Frank Atwood said council should be beholden to city residents over “special interests.”
Marty Bolt said he felt public hearings should have been scheduled for far earlier than the second reading of the pre-inclusion ordinance.
Blowback to comments
Brinkman pushed back against the commenters in a rare instance of response to public comment.
“I heard so many things that were inaccurate, and I think it's an unfortunate event that that level of inaccuracy is what's out there right now,” Brinkman said. “It's incumbent on us to make sure the correct information becomes available and that there's a better opportunity to view the facts and data from reality.”
Fey moved to table the motion regarding the pre-inclusion contract and to discuss it at the April 10 study session. The motion was defeated, with no votes from councilmembers Jerry Valdes, Patrick Driscoll, Kyle Schlachter and Mayor Brinkman.
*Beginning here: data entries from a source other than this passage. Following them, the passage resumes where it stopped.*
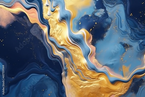 Fluid macro art texture. Backdrop with abstract mixing paint effect. Liquid acrylic artwork that flows and splashes. Mixed paints for interior poster. Blue, gold and white colors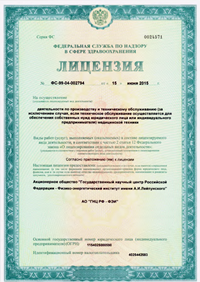 Лицензия №ФС-99-04-002794 от 15 июня 2015 г. на осуществление деятельности по производству и техническому обслуживанию медицинской техники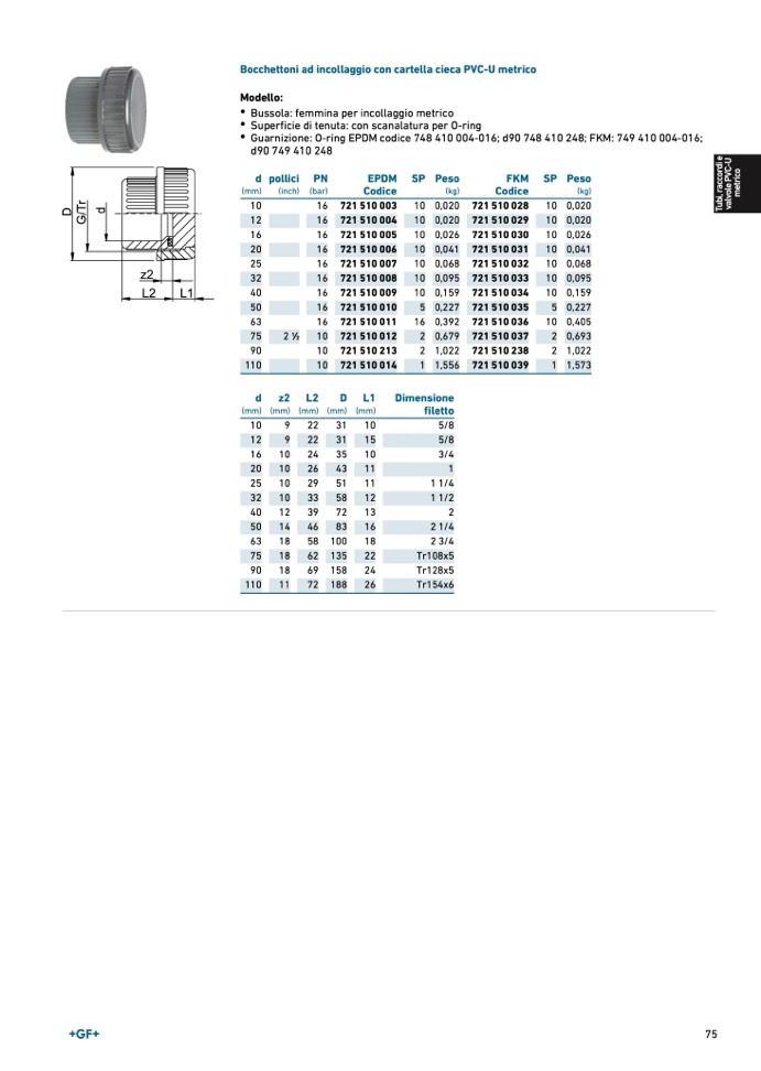 Bocchettoni ad incollaggio con cartella cieca PVC-U metric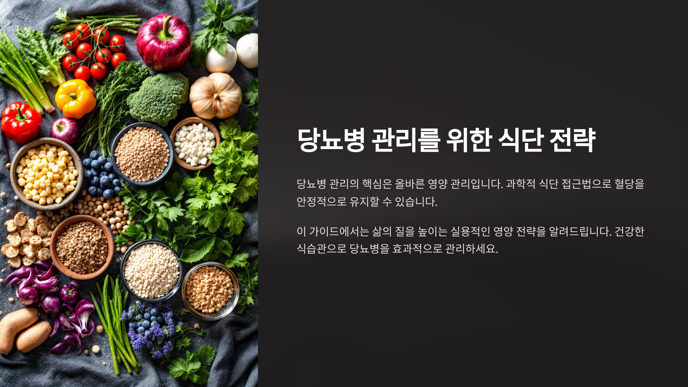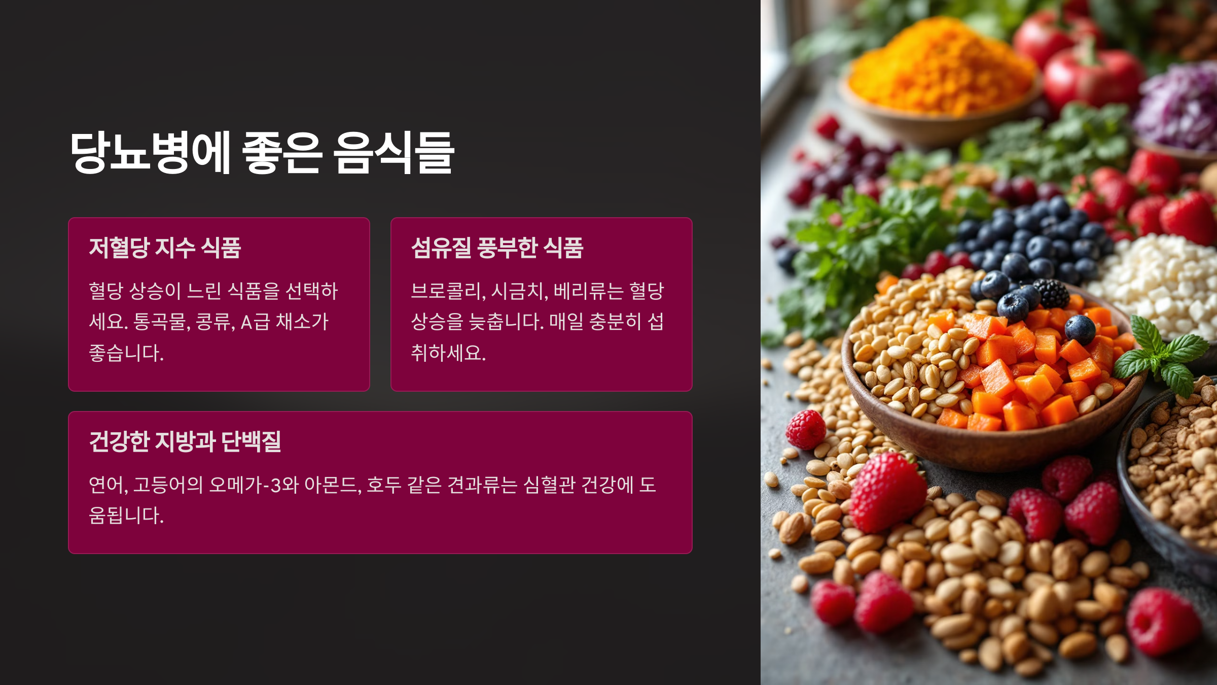 당뇨병 환자에게 가장 중요한 건 바로 '혈당 조절'이에요. 이를 위해서는 혈당을 천천히 올리는 저혈당지수(GI) 식품을 섭취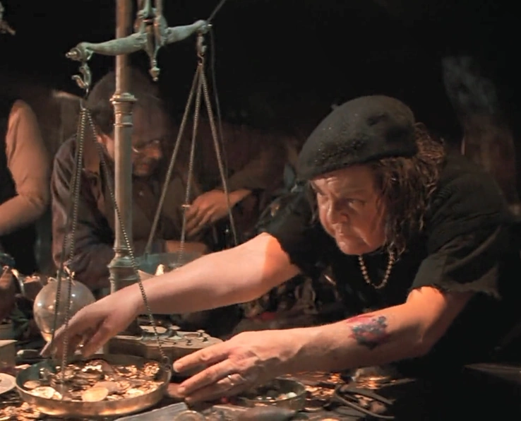 A scale, with one side weighed down with pirate doubloons. When gold is removed or the side is lifted up, a series of pulleys and winches activate, which reel in the Inferno's anchor.

Councilmember Karina Elrod was absent.
The final drama of the meeting came as Fey took the floor and said she wanted to tell “the story of how we got to where we are now” with the fire merger.
Brinkman cut Fey off, saying that her statements were inappropriately timed, as the ordinance was only on first reading and was scheduled for a public hearing in two weeks.
“I respect your position and I will note that I have been shut down as a council member,” Fey said. “I believe all council members have equal voice and you have chosen to put your voice ahead of mine.”
The full pre-inclusion contract is available online for review in the city council packet for the April 3 meeting at littleton.ompnetwork.org.